Mephistopheles fällt ihm ins Wort und greift sich unanständig an sein Geschlecht.
 
Mephistopheles
Weiß doch der Gärtner, wenn das Bäumchen grünt,
Dass Blut` und Frucht die künft`gen Jahre zieren.
Was wettet ihr? den sollt ihr noch verlieren,              
Wenn ihr mir die Erlaubnis gebt,
Ihn meine Straße sacht zu führen!
 
Mephistopheles macht mit der Hand eine Gebärde, die an das Würfelspiel im vorangegangenen Bild erinnert.
 
Panthyrann
Solang er auf der Erde lebt,
Solange sei dir`s nicht verboten.
Es irrt der Mensch, solang er strebt.
 
 
Mephistopheles
Da dank ich euch; denn mit den Toten
Hab ich mich niemals gern befangen.
Am meisten lieb ich mir die vollen, frischen Wangen.

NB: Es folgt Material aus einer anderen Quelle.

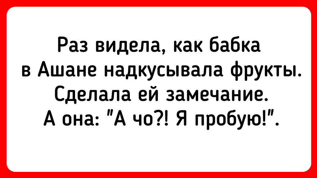 👉 Все эти истории из жизни рассказали читатели наших каналов на Дзене. Еду по правой полосе, не спеша. Передо мной другая машина, и она начала притормаживать. Я, соответственно, тоже. Пытаюсь понять её манёвр. Машина совсем останавливается. Думаю перестроиться в левую полосу и поехать дальше. Пока смотрела в зеркала, машина впереди вдруг начала разворачиваться налево, на встречную полосу. Из правого ряда! И без включения поворотника! Я обалдела. Подумала: хорошо, что я не стала перестраиваться, иначе мы бы столкнулись с этой бестолочью. Гляжу — за рулём девица с накачанными губами. © Екатерина Екатерина / Dzen Раз видела, как бабка в Ашане надкусывала фрукты. Сделала ей замечание. А она: "А чо?! Я пробую!". © Nord Jew / Dzen Живу в деревне. Мои друзья-соседи живут рядом, но… патологически ленивы. Я им тысячу раз предлагал помочь (разумеется, безвозмездно) протянуть в дом воду из колодца и сделать слив из умывальника на улицу, но… Я к ним заходил пить чай, всё было нормально — и вот ро

Für einen Leichnam bin ich nicht zu Haus;
Mir geht es wie der Katze mit der Maus.
 
Panthyrann
Nun gut, es sei dir überlassen!
Zieh diesen Geist von seinem Urquell ab
Und führ ihn, kannst du ihn erfassen,
Auf deinem Wege mit herab,
Und steh beschämt, wenn du bekennen musst:
Ein guter Mensch in seinem dunklen Drange
Ist sich des rechten Weges wohl bewusst.
 
Mephistopheles
Schon gut! nur dauert es nicht lange.
Mir ist für meine Wette gar nicht bange.
Wenn ich zu meinem Zweck gelange,
Erlaubt ihr mir Triumph aus voller Brust.
 
Panthyrann
Staub soll er fressen, und mit Lust,
 
Mephistopheles
Wie meine Muhme, die berühmte Schlange!
 
Szenenbild 11
Beide umarmen sich kumpelhaft. Mephistopheles steigt aus dem Käfig heraus und klettert auf den Kristallberg zurück. Der senkt sich herab, aber im letzten Moment entscheidet sich Panthyrann zur Flucht aus seinem Gefängnis und damit zum „wahren“ Leben auf der Erde. Er zerrt das Nonnenbildnis von der Staffelei, klettert ungeschickt durch die Gitterstäbe und schwingt sich zu Mephistopheles hinüber. Gemeinsam stehen sie auf dem Kristall, das sich auf Bühnenniveau absenkt. Sie halten sich gegenseitig, um nicht das Gleichgewicht zu verlieren.
Das Kugelgerüst wird dunkler und verschwindet völlig. Mephistopheles wendet sich, soweit es der Platz auf dem spitzen Kristall zulässt, von Panthyrann ab und ruft zum Publikum:
Mephistopheles
Von Zeit zu Zeit seh ich den Alten gern,   
Und hüte mich, mit ihm zu brechen.
 
Szenenbild 12
Panthyrann hindert Mephistopheles daran, auch die letzten beiden Verszeilen zu sprechen, indem er Mephistopheles gefährlich weit an den Rand des Kristalls drückt. Er selbst will diese Verszeilen sprechen, aber die zweite Zeile ruft dann doch Mephistopheles in das Theater.
Panthyrann
Es ist gar hübsch von einem großen Herrn,
So menschlich mit dem Teufel selbst zu sprechen.
 
Während beide verschwinden und sich die Bühne verdunkelt, erscheint hinter dem Bild der Gekreuzigten die Hintergrundkulisse der Szene „06 Vor der Stadt“. Mater Agape bleibt schwach beleuchtet im linken Bühnenbereich, bis auch sie im Dunkel verschwindet.